Lady wearing scarf

How To Make A Scarf — No Knitting Needles Required

by BUST Magazine

Photo: Megan Senior; Model: Naimah Terry; Hair/Makeup: Mary Guthrie; Nails: Miss Pop; Dress: Modcloth; Location: The Landing at Industry City

You don’t need knitting needles to whip up this quick chunky scarf! Whether you’re a knitter or a quitter, you can make this easy scarf using a technique called “arm knitting,” in which your limbs are used as giant knitting needles to create super-chunky knit fabric. It’s easy to learn, and best of all, it’s fast—you can complete a scarf in far less time than it takes to listen to Disc One of the Hamilton soundtrack. So arm yourself with some awesome yarn, and get ready to knit the night away.

At least 46 yards of jumbo or super-chunky yarn, such as Red Heart Grande


Casting on: Pull out 4′ of yarn from the ball, and make a slip knot as follows: drape the yarn over your left hand, palm facing you, with the 4′ “tail” end hanging in front. Wrap the “ball” end around your hand once, so that it crosses over the tail end (A), then use the thumb and forefinger of your other hand to pull a loop of that ball end through (B).



Place this loop on your right wrist, and pull on both strands to make the loop taut (not tight!) around your wrist (C).


Hold your right arm up so that both ends of the yarn are hanging down, with the tail to the left, and the ball end on the right. Grab the tail end with your left hand turned upside down, so that your thumb is pointing downwards (D).


Flip your left hand right side up to create a loop (E).


Continuing to hold on to that loop in your left hand, put your right hand through the loop (F) and grab the ball end of yarn. Pull this yarn back through the loop towards you (G), and place the resulting loop on your right wrist.



Drop the loop of yarn in your left hand, and snug up the new loop on your right wrist by pulling on the ends of your yarn (H).

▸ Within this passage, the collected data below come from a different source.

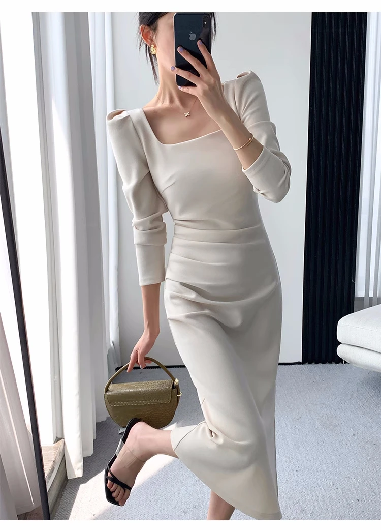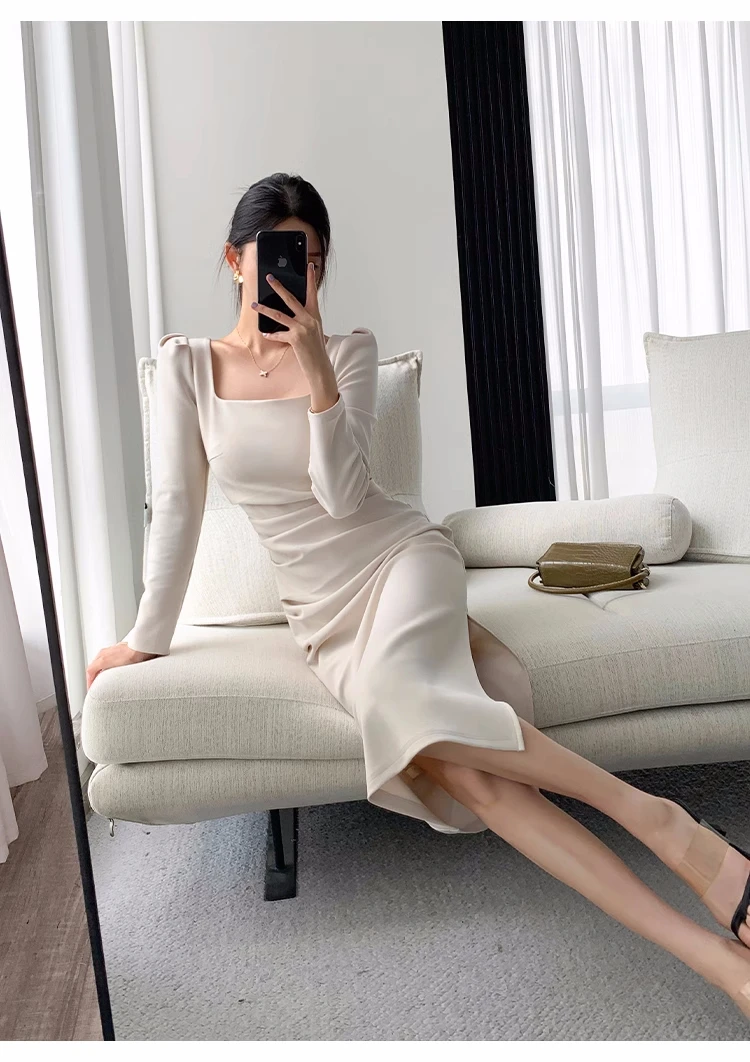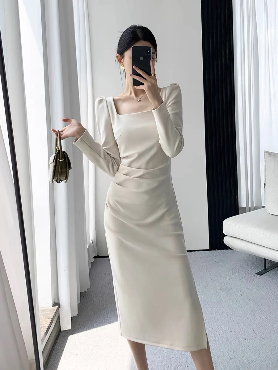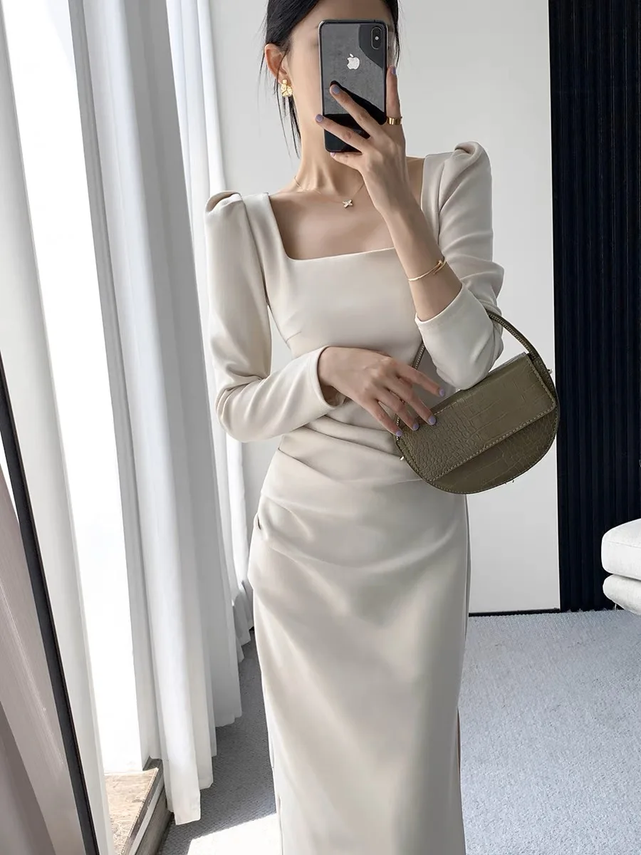 Advbridge Elegant Long Sleeve Midi Dresses for Women Square Collar Slim Waist Bodycon Split Dress Autumn New Solid Office Lady Vestidos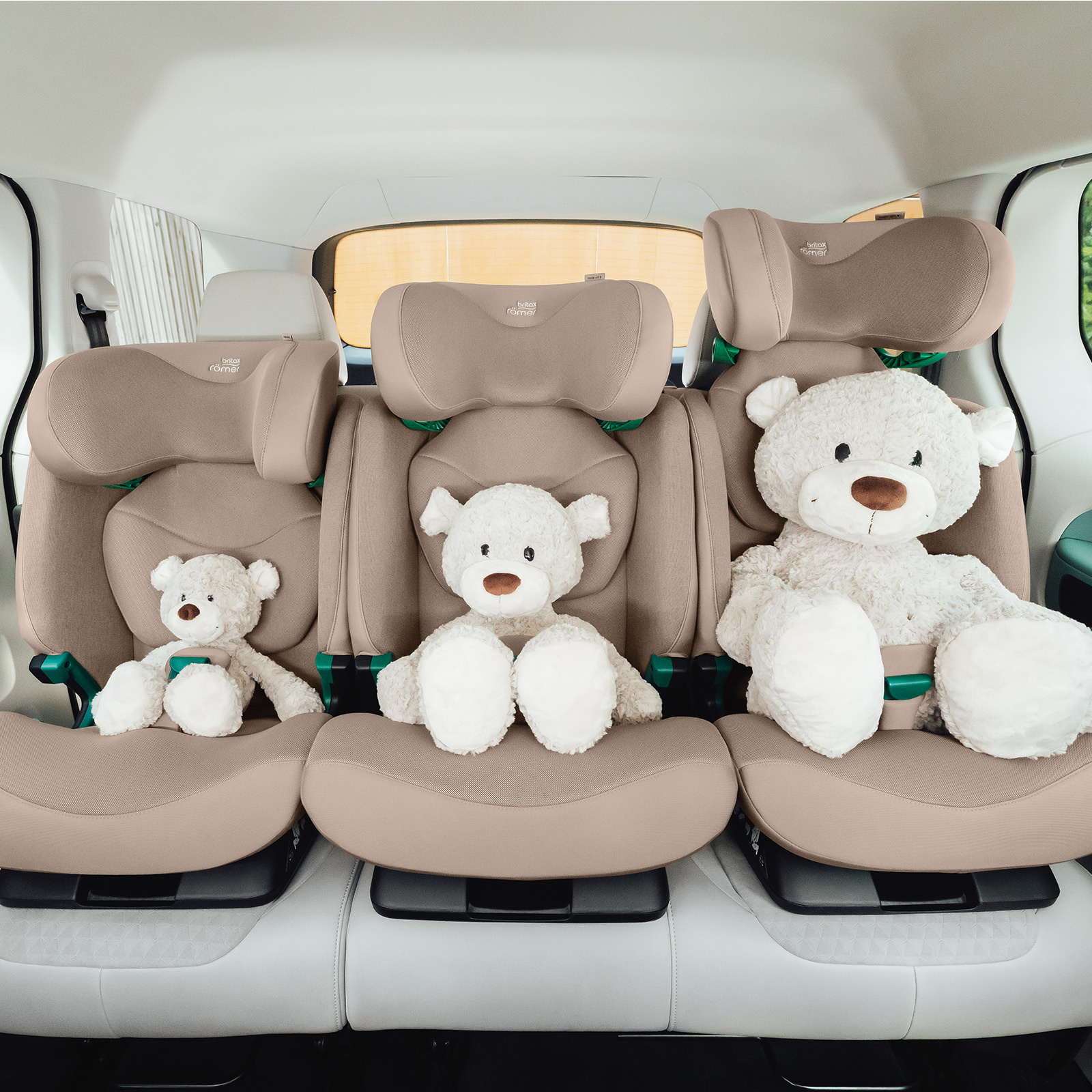 • Smukła szerokość 44 cm ułatwia ustawienie trzech fotelików w jednym rzędzie.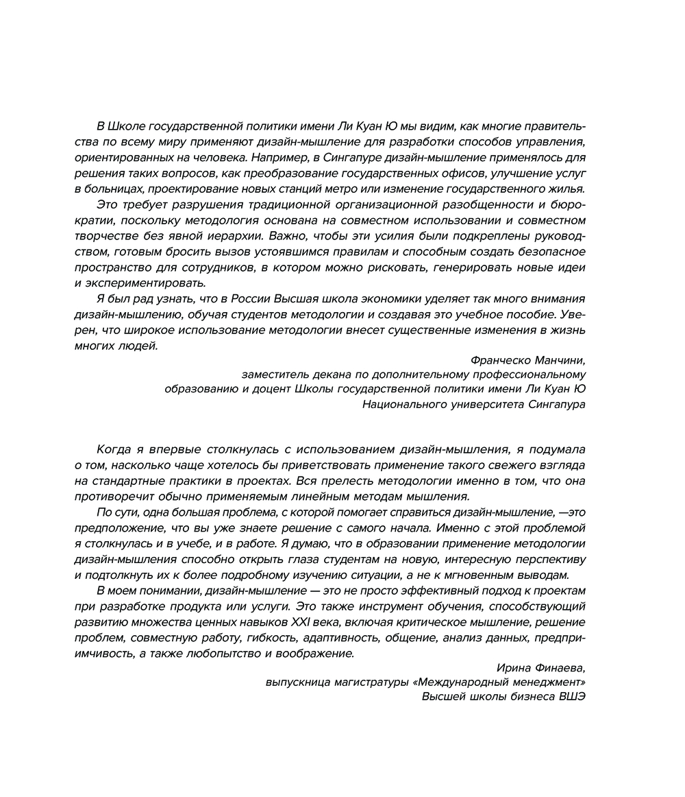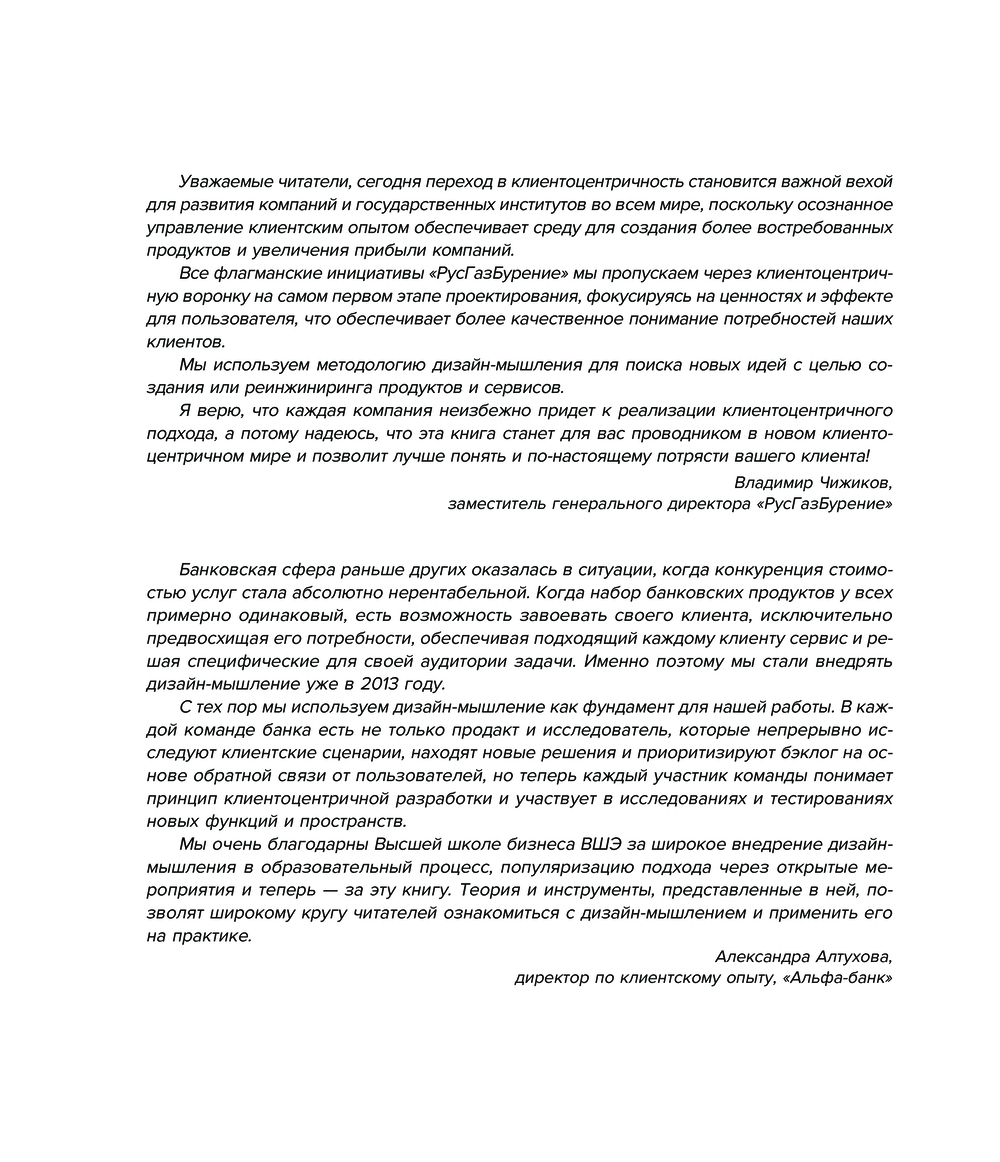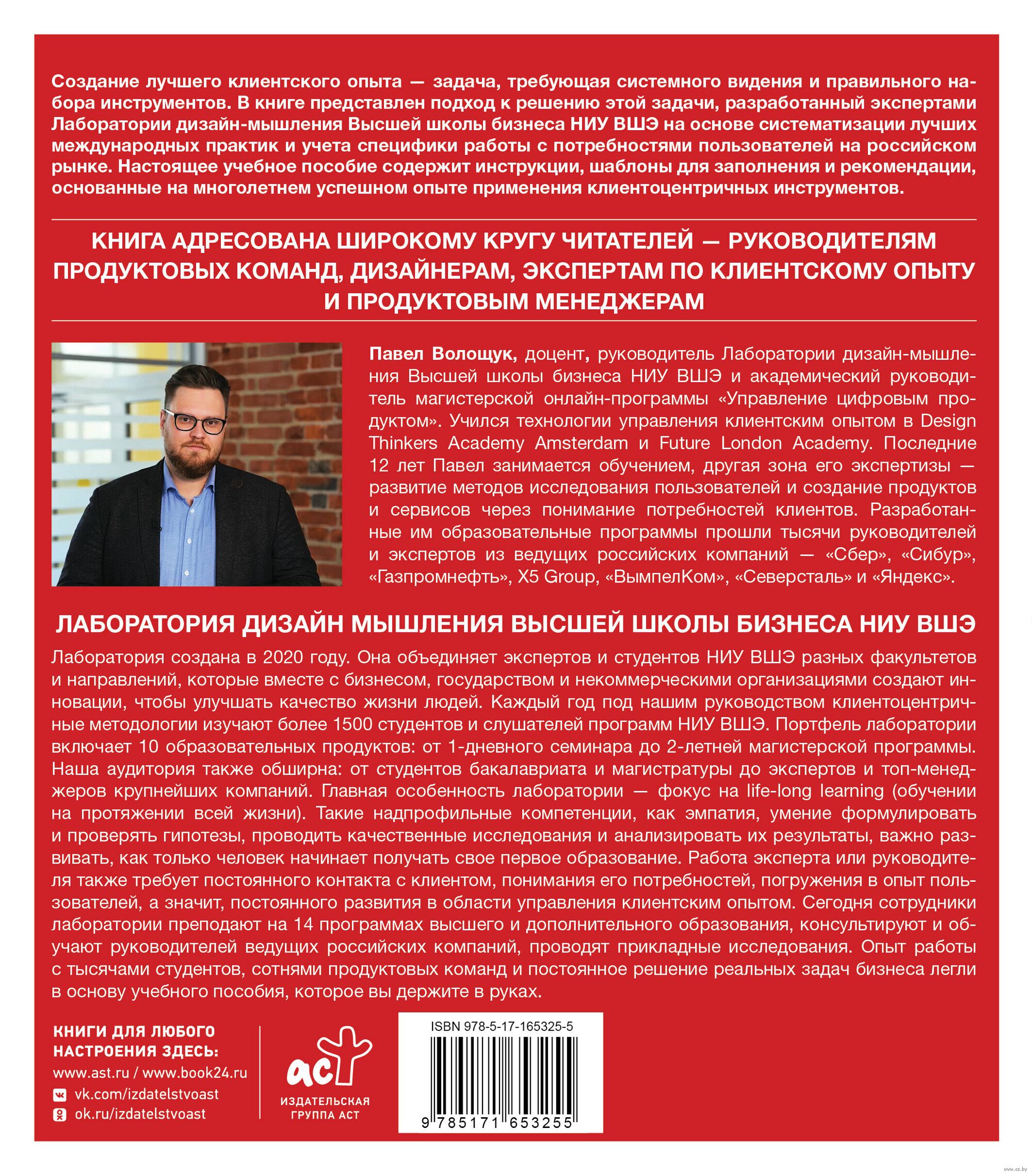Создание лучшего клиентского опыта – задача, требующая системного видения и правильного набора инструментов. В книге представлен подход к решению этой задачи, разработанный экспертами Лаборатории дизайн-мышления Высшей школы бизнеса ВШЭ на основе систематизации лучших международных практик и c учетом специфики работы с потребностями пользователей на российском рынке. Настоящее учебное пособие содержит инструкции, шаблоны для заполнения и рекомендации, основанные на многолетнем успешном опыте применения клиентоцентричных инструментов.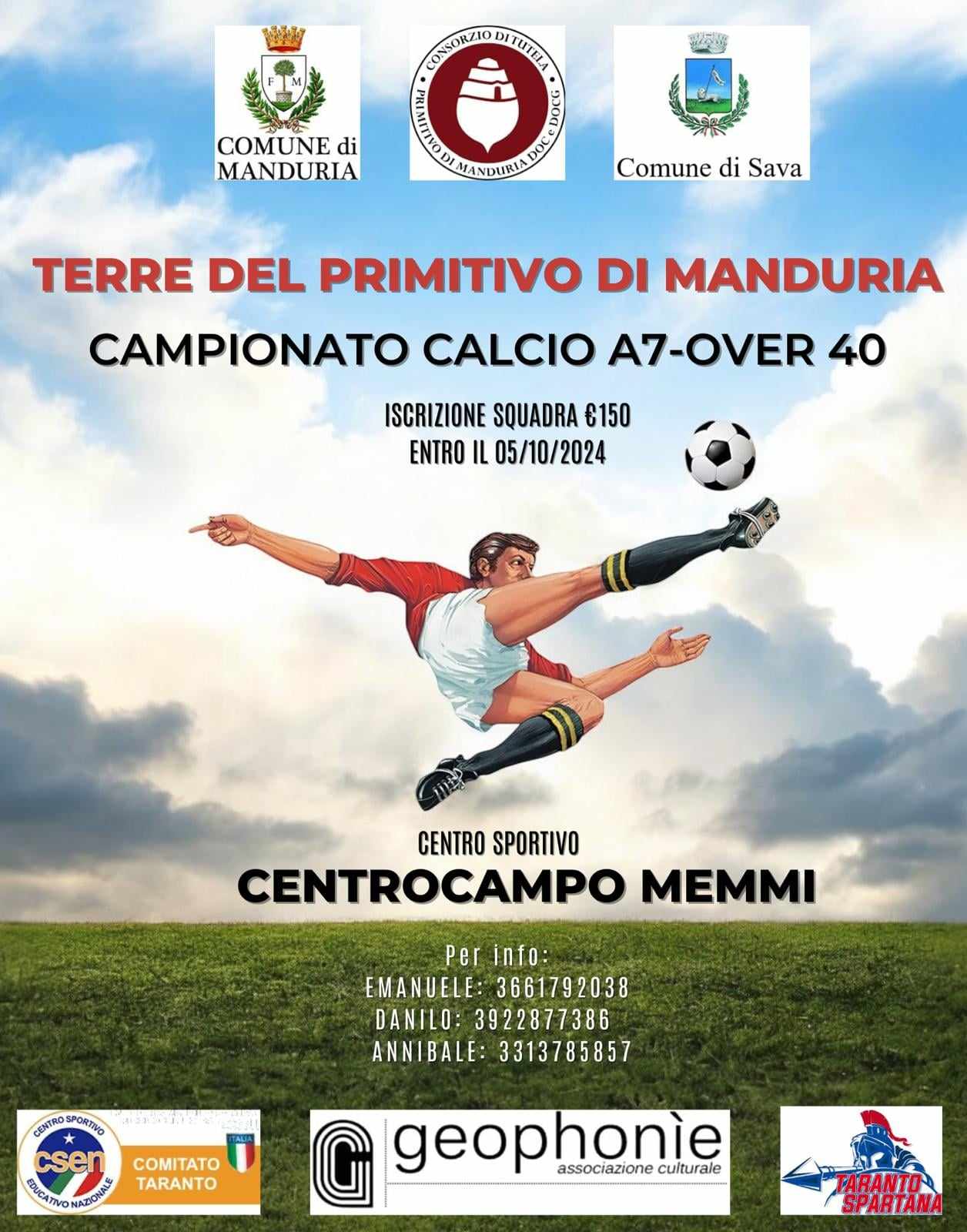Il nuovo campionato avrà battesimo il 16 ottobre, con il patrocinio dei Comuni di Manduria e di Sava e con il consenso all’utilizzo di nome e logo del Consorzio di Tutela del Primitivo di Manduria a cui il nuovo evento sportivo Over 40 dedica nome e location.

Repeat from (C) 8 more times until you have 10 loops on your right wrist. Keep the loops neatly in order on your wrist as you create each new loop.

Knitting: Grab the ball strand with your right hand (I), overhand, like the way you would hold a bike handlebar.


Continue to hold this yarn. With your left hand, lift the last loop you cast on up, over, and off your right hand (J). This will create a “new” loop in your right hand (K).



Let go of the “old” loop you are holding with your left hand, and place the new loop onto your left arm (L).


Repeat from (I), making sure each time that you place the new loop onto your left arm so that the ball end hangs to the front, closer to your body, like you were putting on a pair of evening gloves (M).


Continue until all loops are on the left arm, and no loops remain on the right arm. Repeat the process in reverse: grab the ball strand with the left hand (like you’re holding a bike handlebar), and lift the loop on your left arm up, over, and off with your right hand. TIP: Grabbing the yarn as close to your work as possible, and pulling it to tighten the last loop on your arm before creating the next loop, will keep your work looking neater.

Binding Off: Continue knitting back and forth in this manner. Check how much yarn you have left at the end of each row (when all the loops are on one arm and the other arm is free), and when you have only a yard or a bit more than that, it’s time to stop knitting and get this thing off your arm. Here’s how: Make two new loops in the usual way (it doesn’t matter if you are making your loops onto your left or your right arm at this point). Then grab the first of these two loops with your other hand (N).


Carry that loop all the way over the second loop and hand and then let go (O).


You will have one loop left on your arm. Create another new loop in the usual way so that you have two new loops on your arm again then take the first one up and over the second one so you are back to one loop. Carry on this way until you are left with just one loop on your arm. Pull the end of yarn through this loop, and tighten (P).


Finishing: To stitch the scarf together, shape it into a circle in front of you, with the finished ends of the scarf facing each other at the bottom of the circle. Then, using one of the tails, begin weaving the two ends together (we used pink yarn so you could see it better). Bring the yarn under the two legs of the stitch (each stitch looks like a V) on the left-hand side then bring your yarn under the two legs of the first stitch on the right-hand side. Then bring the yarn under the two legs of the next stitch on the left-hand side, then under the two legs of the next stitch on the right-hand side. Continue in this way until both sides are sewn together (Q).


Take the remaining end of yarn and weave it into the fabric of the scarf until you’ve woven in about 6″ of yarn. Then cut the yarn. Do the same with the other tail (R). DONE!